CORVALLIS - A project to extract DNA from the remains of animals that died hundreds, or even thousands of years ago has been awarded $10,802 in funding from Oregon Sea Grant.
Deborah Duffield and Virginia Butler, both professors at Portland State University, were notified this month that they had received the program development funds for their project, which seeks to extract and analyze the DNA from bones of sea otters found in ancient middens along the Oregon coast.
While the subject sounds sufficiently exotic to be a science fiction novel, the project is one part of an effort with a very serious goal: to reintroduce to the Oregon coast a species that was hunted to the edge of extinction during a 200-year span from the early 1700s to the 1900s.
The last Oregon sea otter was killed in 1906. The 1911 Fur Seal Treaty signed by Russia, Japan, Britain and the United States and a 1913 federal law in the United States effectively ended the harvest of the sea otter, but by that time the species was extinct in Oregon and Washington, and clinging to survival in California and Alaska.
An attempt to reintroduce sea otters in Oregon was launched in 1970, but was not successful. Thirty-one sea otters were taken from a site in Alaska and deposited on the Oregon coast near Port Orford. The next year 64 more were added to the population that survived the first year, but the colony did not last. Researchers from Oregon State University, including Ron Jameson, monitored the animals. According to Jameson, who retired from OSU in January, it was never clear exactly why the colony did not survive.
"It's one of those situations where we just don't have any evidence supporting any particular hypothesis. They produced pups, there was no huge immediate post release mortality. Suddenly, around 1975 or so, the numbers started to drop off and they effectively disappeared," he said.
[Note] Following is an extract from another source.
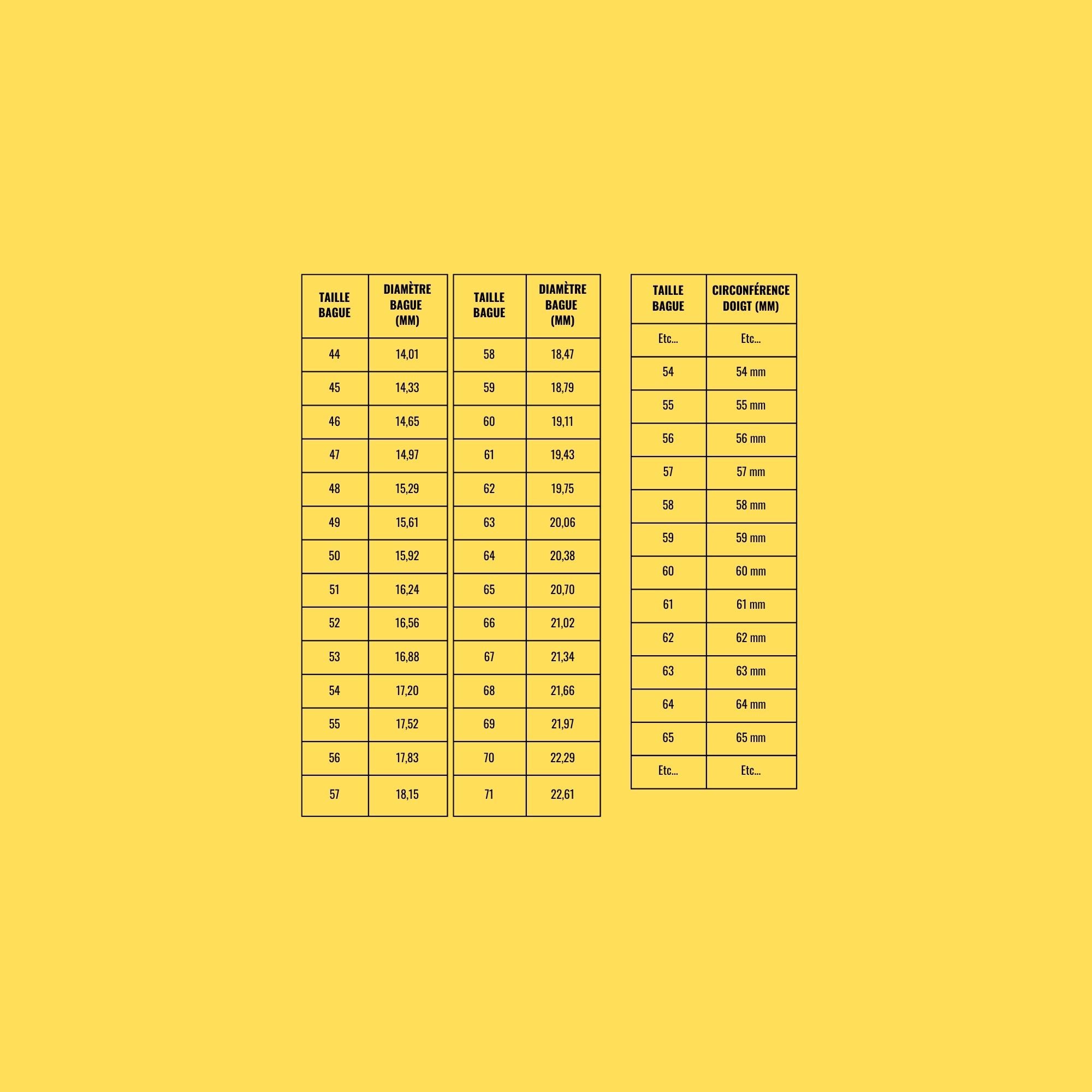 La meilleure méthode de mesure est d'utiliser un baguier, que vous pouvez trouver dans les bijouteries ou en ligne.

Some of the animals may have moved north and joined the translocated colony in Washington, but it's difficult to say even that with any certainty, Jameson said.
"One of the things we did that was different than what we do today with translocated populations, we didn't have any kind of radio telemetry devices. Those animals weren't even tagged," he said.
"You can move sea otters to wherever you want, but they're going to choose where they want to stay," he said.
The effort to relocate sea otters to Washington's Olympic Peninsula bore better results; the otters survived and are now flourishing, growing from 59 in 1970 to more than 600 today.
In the intervening years, biologists and anthropologists argued whether the Alaska and California sea otter were the same species or genetically distinct cousins. In recent years, genetic studies support the idea that they are related but distinct subspecies. That being the case, supporters hope that finding which subspecies more closely resembles the extinct Oregon otters would result in a more successful attempt to reintroduce the animal to the state's coastal waters.
That is the aim of the project Duffield, a biologist at PSU, and Butler, an anthropologist, received funding for. Their research will focus on samples of sea otter bones and teeth found in Indian middens along the Oregon coast. The samples, mostly provided by Oregon State University anthropologist Roberta Hall, have been dated in a range from 200 to 2,000 years old.
"When there's been a coastal culture that has been using the sea otter as part of its food source and source of fur, there will often be good sized pieces of skeletal remains in the middens," Duffield said. "We have 18 really good ones, definitely sea otter."
Advances in DNA technology have made the work straightforward, if painstaking. "The technology for ancient DNA has just grown and grown in the last few years," Duffield said.
The researchers take a clean sample, "crack it or crush it," (in the case of this project the material will be frozen in liquid nitrogen and crushed,) then extract and purify the DNA.
Working with such old samples, it is difficult to extract complete DNA strands, Duffield said. But it is not necessary to have the entire sequence. Scientists can identify specific points of difference in the genes of existing California and Alaskan sea otters, and it is these markers that will be the focus of comparison with the DNA extracted from the long-dead Oregon samples.
PSU grad student Kim Valentine will perform the lab work.
Duffield agreed that the idea of extracting DNA from an extinct species smacked just a little of "Jurassic Park," the Michael Crichton novel in which DNA was extracted to allow the cloning of dinosaurs. But no one is talking about cloning the Oregon sea otter. Researchers just want to know which existing subspecies most closely resembles the extinct Oregon variety.
There is also one other important difference between science fiction and the real science she will be doing on the sea otter. "Luckily, they are much smaller" than Crichton's dinosaurs, she said with a laugh.